Nel 2005 Treviso raggiunge la massima serie italiana un po’ per caso, dopo anni di trionfi in sport quali la pallavolo e basket.

Con qualche mese di ritardo rispetto all'inizio della stagione 2005-2006, Walter Baseggio firma per il Treviso Calcio, con l’obiettivo di risollevare le sorti di una stagione iniziata male da parte della squadra bianco-azzurra. I tifosi veneti, avvezzi al buon prosecco frizzante, si aspettano da Baseggio l’incarnazione del famoso vino doc di Valdobbiadene (le cui colline sono tra l'altro recentemente diventate patrimonio Unesco), aspettandosi da Walter gioco vivace ed efficacia nelle conclusioni a rete.

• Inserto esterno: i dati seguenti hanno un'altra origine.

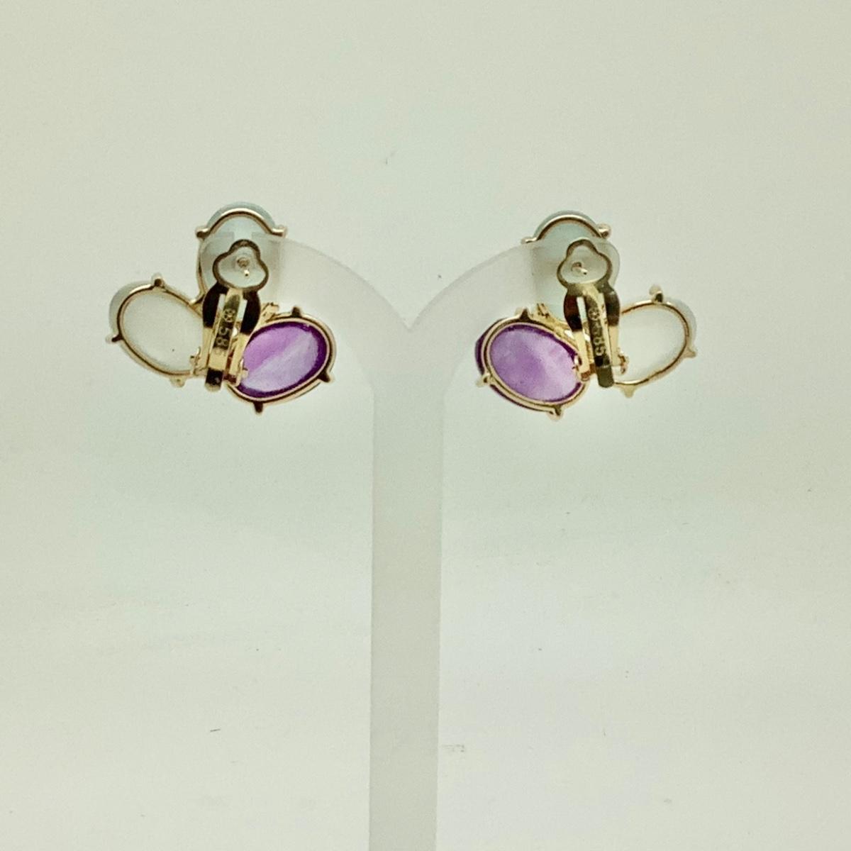 #8272 14K Yellow Gold Purple, Green, White Jade Earrings
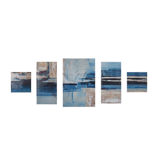 View full detailsAdd tranquility to your living room with Overseas, a five piece canvas set. Overseas features a texture and abstract art with beautiful hues of blu...
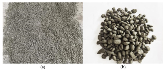 (a) Hardening and molding process of recycled coarse aggregate of synthesized biomass. (b) Synthesized biomass regenerated coarse aggregate.
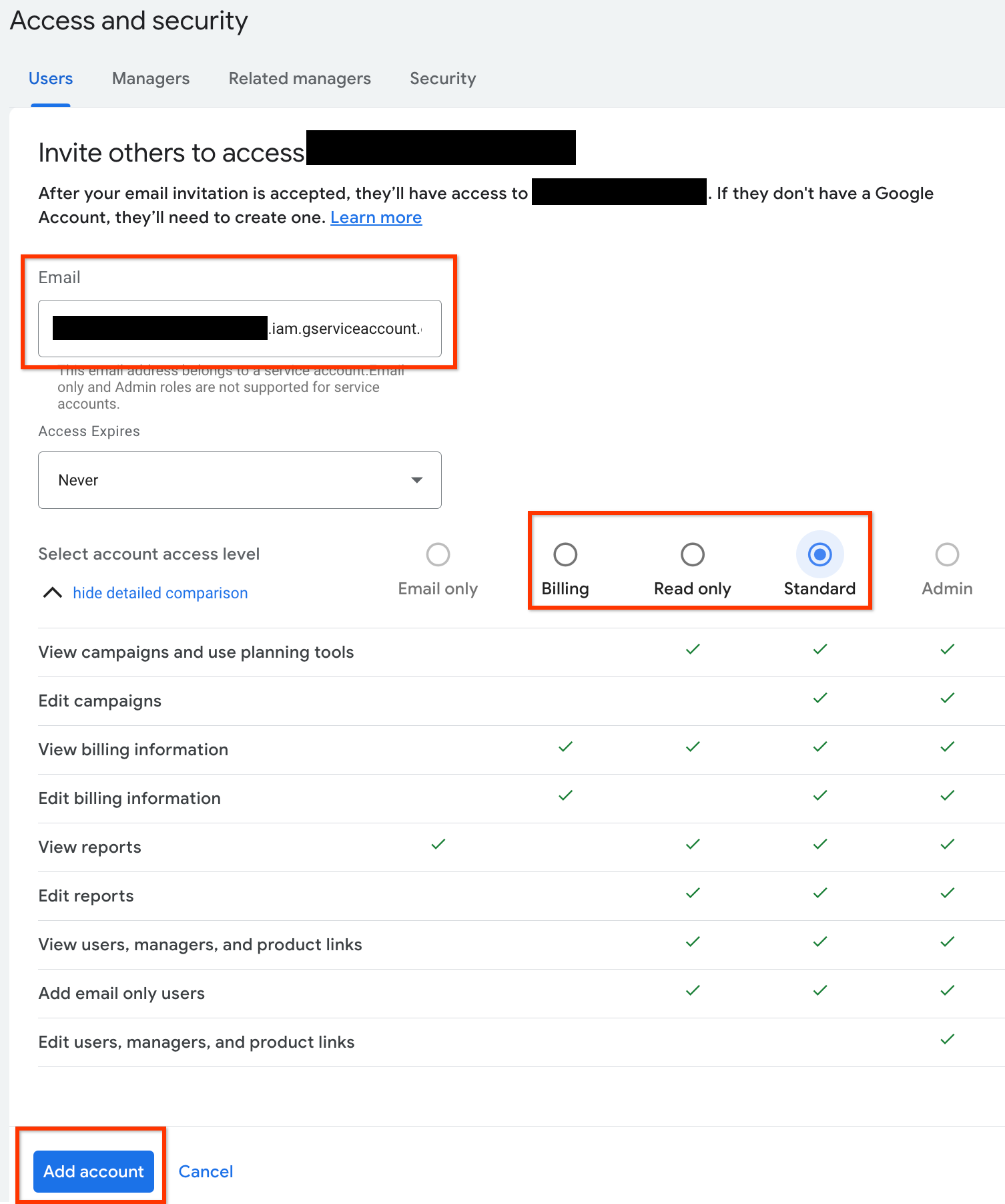 Seleziona il livello di accesso all'account appropriato e fai clic sul pulsante
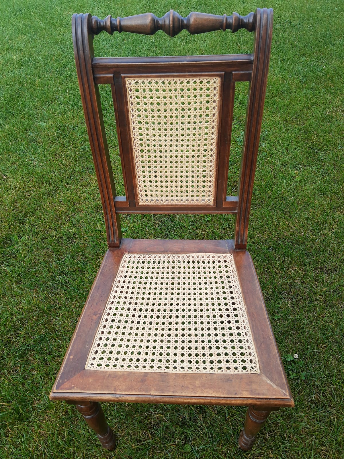 Material: Stuhlflechtrohr 2,0mm für die Längs- und Querschichten Stuhlflechtrohr 2,2mm für die Diagonalen Stuhlflechtrohr 3,3mm für die Umrandung. Werkzeug: Polsterhammer, spitze Ahle, flach gebogene Sattlerahle, Kombizange, Haltekeile, Hautleim, Holznägel. Das Geflecht wird schrittweise in die Sitzfläche eingezogen und verknotet. Bei der Lehne wird das Geflecht mit Hautleim eingeleimt. Sowohl bei der Sitzfläche als auch der Lehne werden erst Spannschichten eingezogen, die die Basis für das Geflecht bilden. Erst danach kann geflochten werden. Das Material wird feucht verarbeitet.
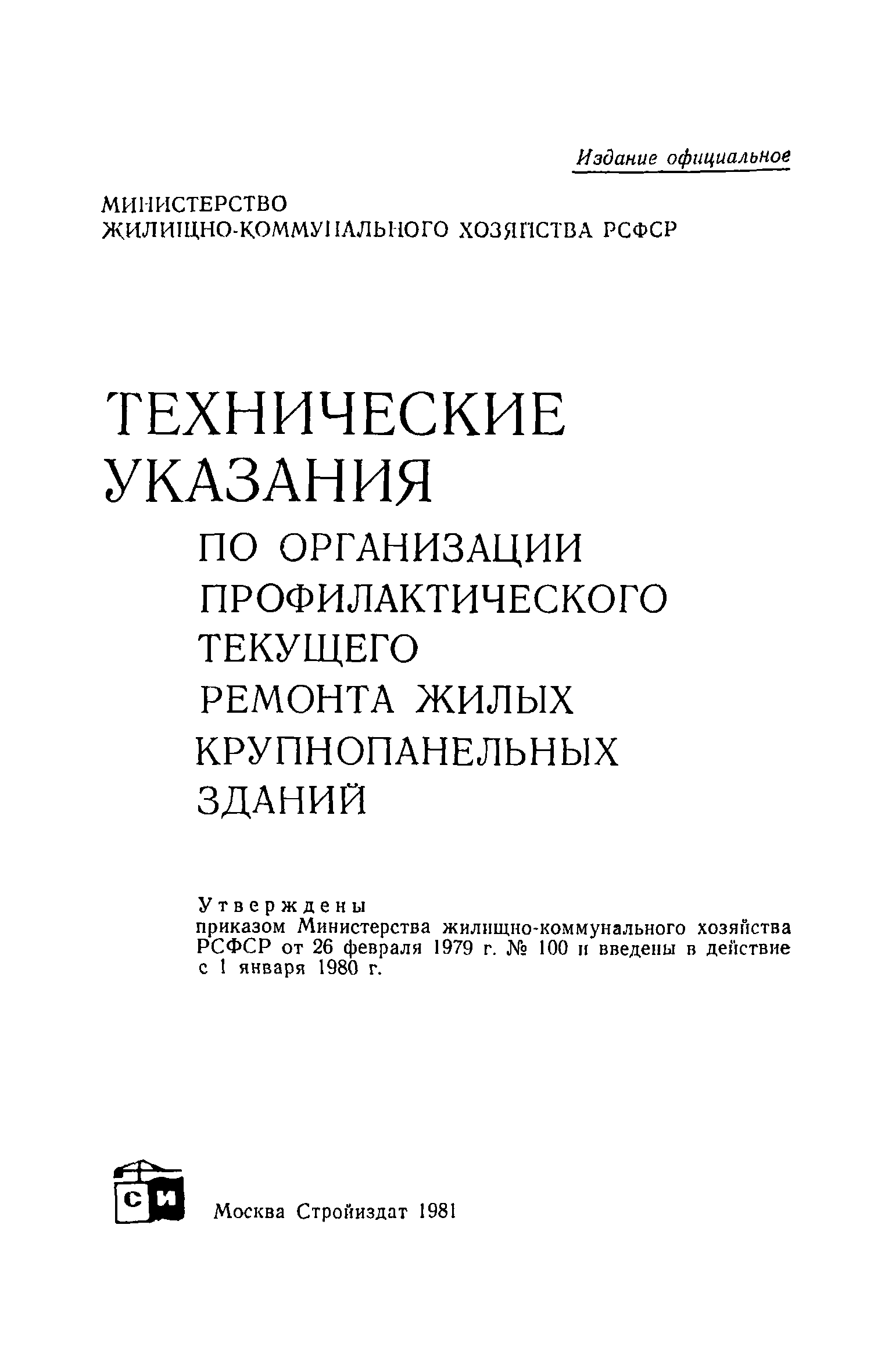 | Утверждён: | 26.02.1979 Министерство жилищно-коммунального хозяйства РСФСР (100)
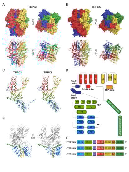 General architecture of the TRPC4 and TRPC5 channels. (A,B) Tetrameric structures of the channels. Upper panel: surface map of the channels; Lower panel: cartoon diagram of the channels. (C) Monomers of each channel. The colors of each domain correspond to the domain diagram in (D,F). (D) Domain diagram of TRPC4 and 5 channels. From the N-terminal cytoplasmic domain to the C-terminal cytoplasmic domain, ARD, HLH, Pre-S1 elbow, Pre-S1 helix, VSLD, S5, S5-S6 linker, pore helix, S6, TRP helix, connecting helix, and the coiled-coil domain are shown. (E) Relationship between ARD and the connecting helix. Blue domains: ARD; Green domains: connecting-helix; Yellow domains: coiled-coil domains. (F) Amino-acid numbers corresponding to each domain.
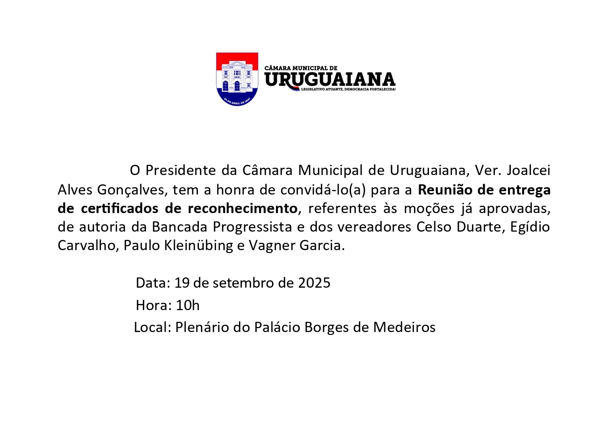 5ª Reunião entrega Certificados da 1ª Sessão Legislativa da 19ª Legislatura
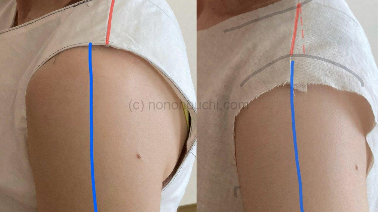 ネットで調べた方法を参考に、前見頃のショルダーポイントを低くし、後ろ見頃のショルダーポイントを伸ばすというパターン操作を行いました。
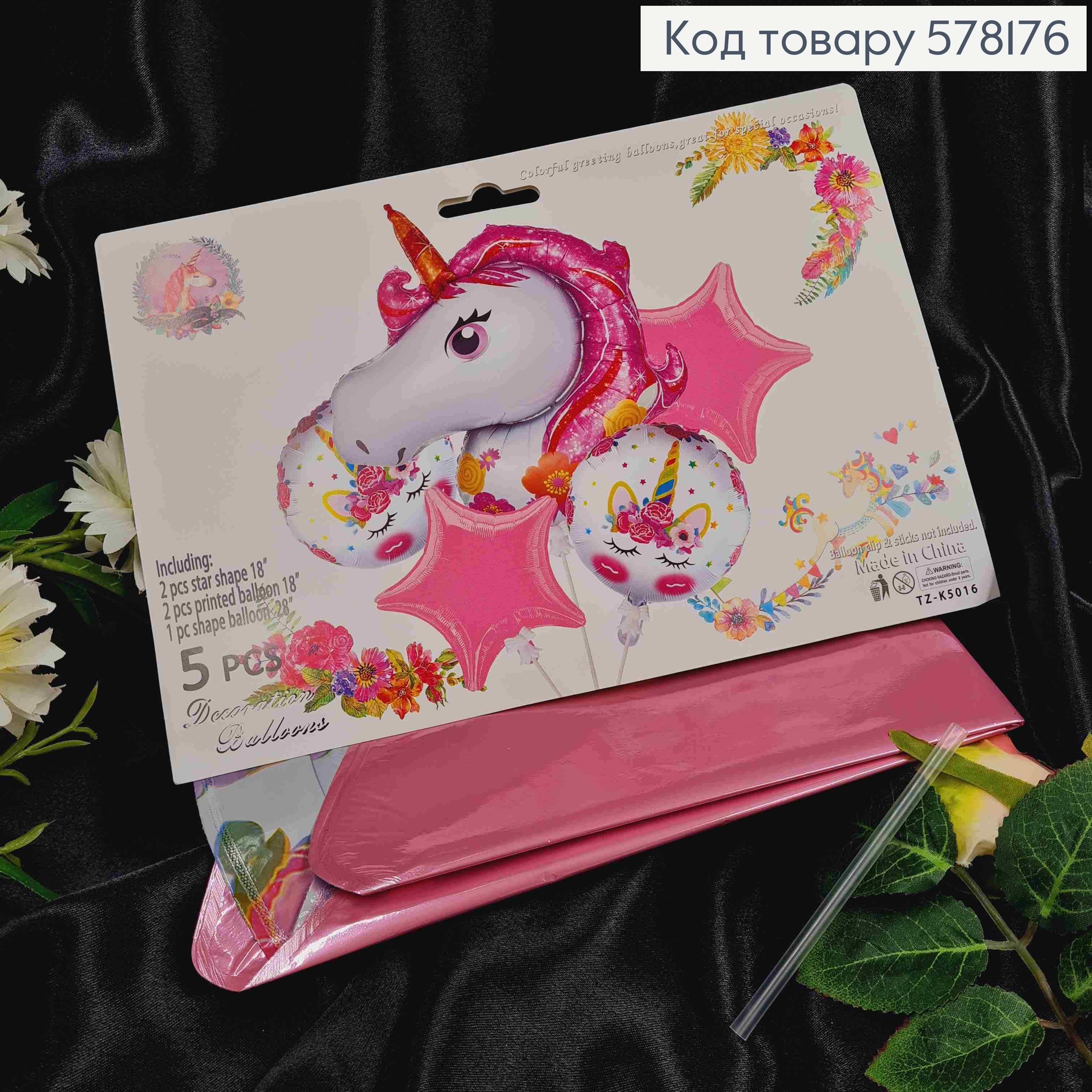 Набор фольгированных шаров, "Единорог", Звезды (2шт), Круглые (2шт), Единорог (1шт/28'')
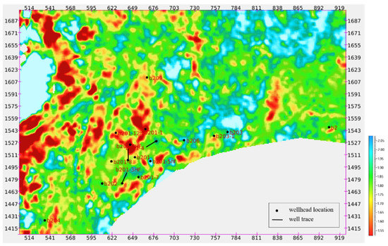 In order to prove the effectiveness and feasibility of the inversion method in this paper, the 2D Marine seismic data in the NS region is inverted. Since the marine seismic data packet contains a large number of multiple waves, it is necessary to preprocess the data before inversion. After preprocessing, pre-stack time migration was used to obtain the common image point track set, and the pre-stack data volume containing angle information was obtained. Figure 3 shows the well placement and previous Vp/Vs ratio map of the working area.
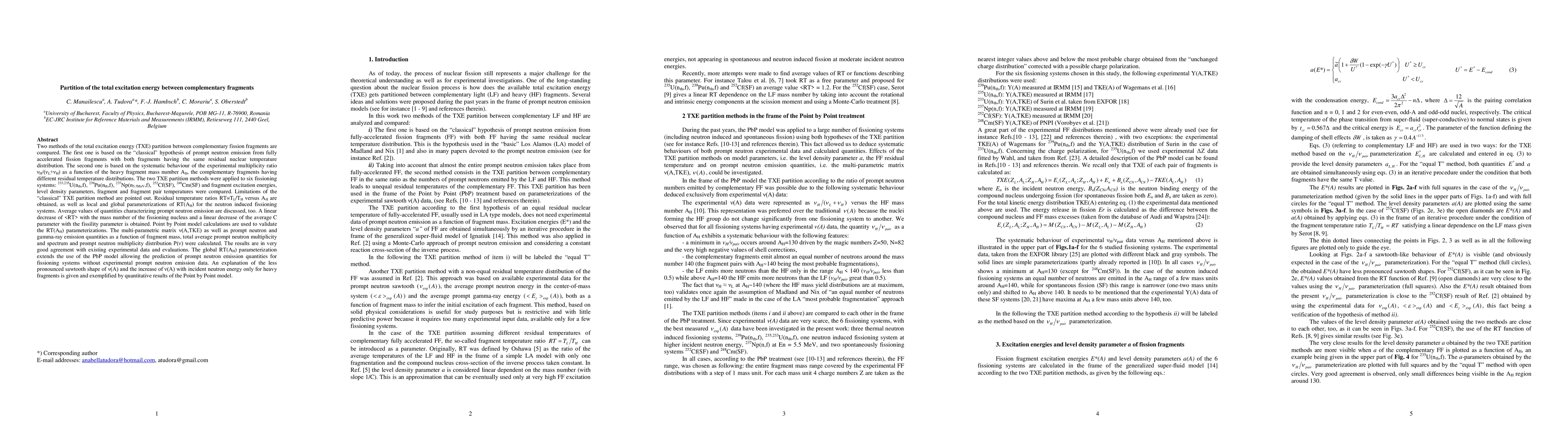 This paper compares two methods for partitioning total excitation energy between complementary fission fragments, evaluating their effectiveness on six fissioning systems. It highlights limitations of the classical method and proposes a new approach based on experimental multiplicity ratios, providing parameterizations for residual temperature ratios and validating them using the Point by Point model.
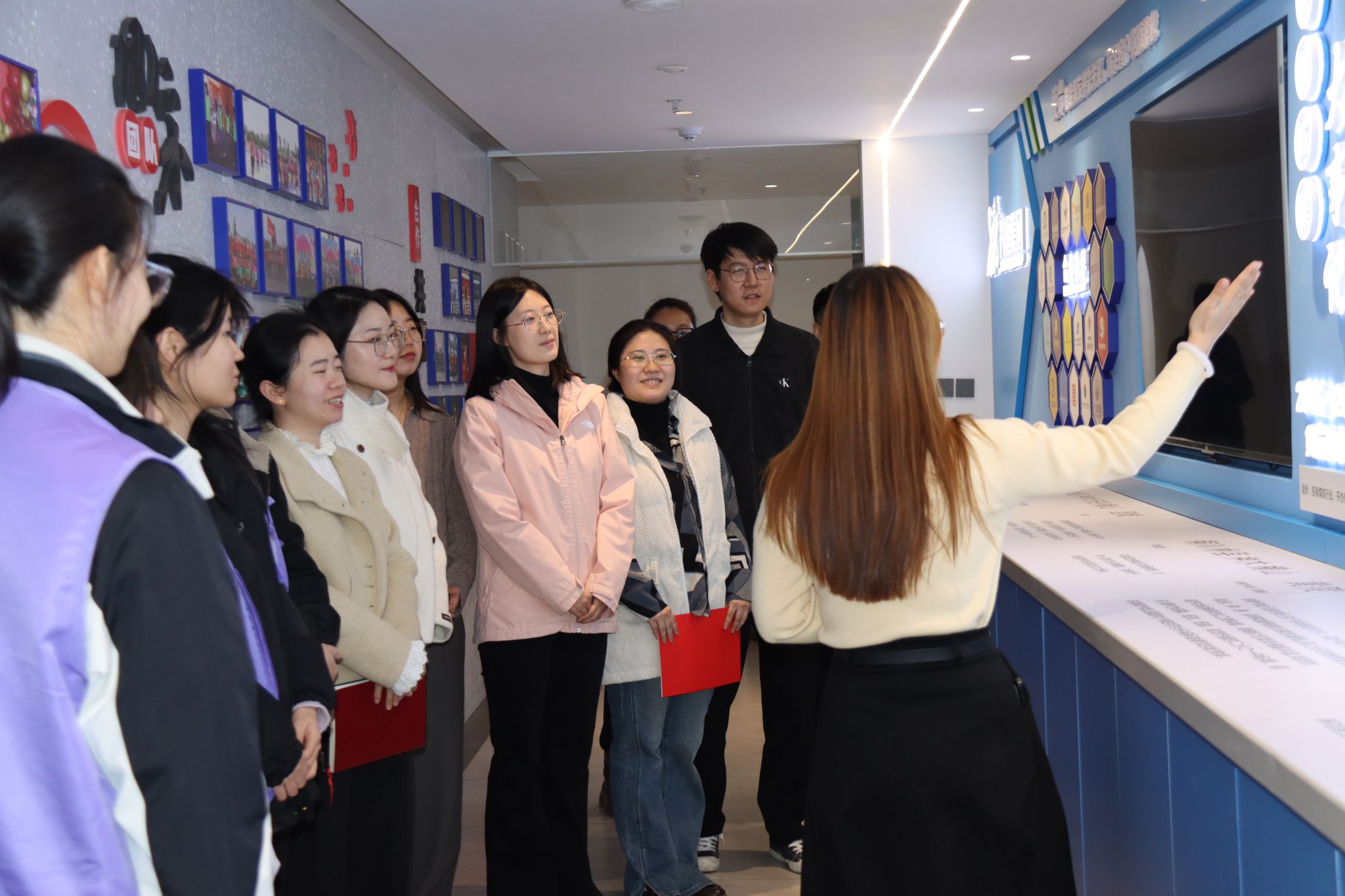 座谈后,在集团负责人的带领下,师生团队开启了企业参观之旅。大家先后走访了企业办公区、业务展厅等区域,负责人结合展厅内的发展历程墙、项目成果展,详细介绍了兴恒集团的发展脉络,从2014年初创的小型公司,逐步拓展为涵盖供应链、运输、网络科技等业务的集团化企业,以及在金融服务领域的核心优势与行业布局。真实的职场场景、清晰的业务链条、浓厚的企业文化,让师生们对企业岗位的工作内容有了更具象的认知,也为后续实习对接奠定了实践认知基础。
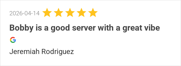 Bobby is a good server with a great vibe
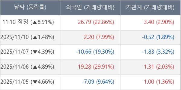 ※ 사모펀드 등 일부 기관의 순매매량은 표시되지 않음
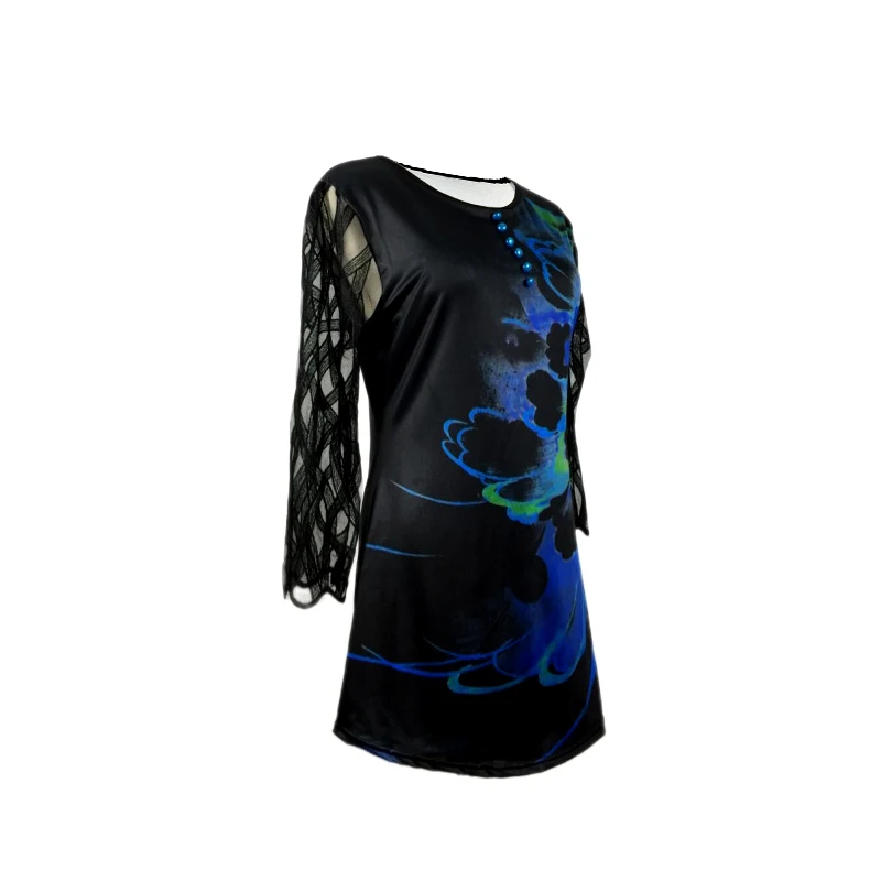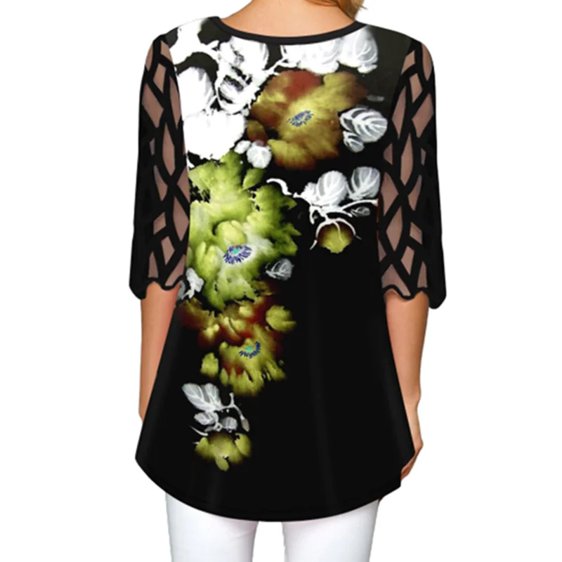 Gorgeous Floral Print Mesh Embroidery Tunic Top

Il ruolo di centrocampista avanzato e il tiro potente con cui il belga viene presentato ai tifosi sono il lasciapassare per diventare il salvatore delle sorti di una squadra dove i migliori giocatori non sono ancora riusciti ad esprimersi ad alti livelli. Giocatori dal futuro importante in Serie A come Reginaldo, Dino Fava Passaro, Dossena e persino il portierone dell'Inter Samir Handanovic erano ancora talenti imberbi, pur lasciando intravvedere doti calcistiche di primo livello.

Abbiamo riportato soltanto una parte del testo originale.